In 1975, when gas lines were long and voters’ tempers were high, Congress passed legislation prohibiting U.S. crude oil exports. The country had seemed to peak its oil production a few years earlier and was on a gradual crude oil production decline, and Congress wanted the country to keep every drop it produced.
Of course, cars run on gasoline and not crude oil, and yet there is no ban on refined gasoline products. In other words, Congress banned the export of a product drivers can’t use but not a product they can.
But that was 40 years ago, and innovative drilling techniques have flipped the 1970s gas shortage on its head. The U.S. government’s Energy Information Administration (EIA) now ranks the U.S. as the largest producer of crude oil in the world.
Allowing crude oil exports would increase the supply of oil, stabilize the price, and, most importantly for this discussion, reduce the trade deficit as we sold the products to other countries.
Critics claim there’s no point in ending the ban, at least for now, because the U.S. still consumes more oil than it produces. But their claim misses two important points.
First, analysts project that the U.S. could become a net oil producer—producing more than we consume—within five years.
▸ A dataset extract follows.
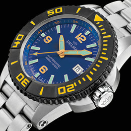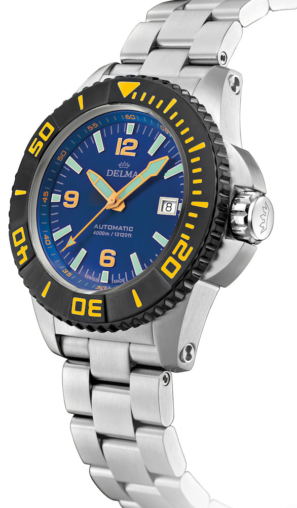 Delma Watch Blue Shark III Azores 54701.700.6.048. Delma watches automatic divers watch with helium valve and unidirectional bezel. All stainless steel or two tone black DLC. Water resistant to 4000 meters.

But establishing the infrastructure and entering into contracts will take some time, and no oil producing company is going to move forward unless it knows for sure that Washington will allow exports.
Second is economic efficiency. Oil has to be refined to be used, and getting crude oil to a refinery that can handle it means transportation and sometimes storage costs. It may make more economic sense for a company to sell its crude oil to another country than going to the additional costs of transporting and refining it in the U.S.
The White House opposes ending the ban, and has suggested that the Commerce Department, not Congress, should make the call on whether to lift it. But that’s just a stalling tactic, similar to the one used in the Keystone XL pipeline.
The Senate should now approve an end to the export ban and send the legislation to President Obama, even if the White House disapproves. Don’t let crude oil exports get sidelined by the same tactic that has hindered the Keystone XL approval.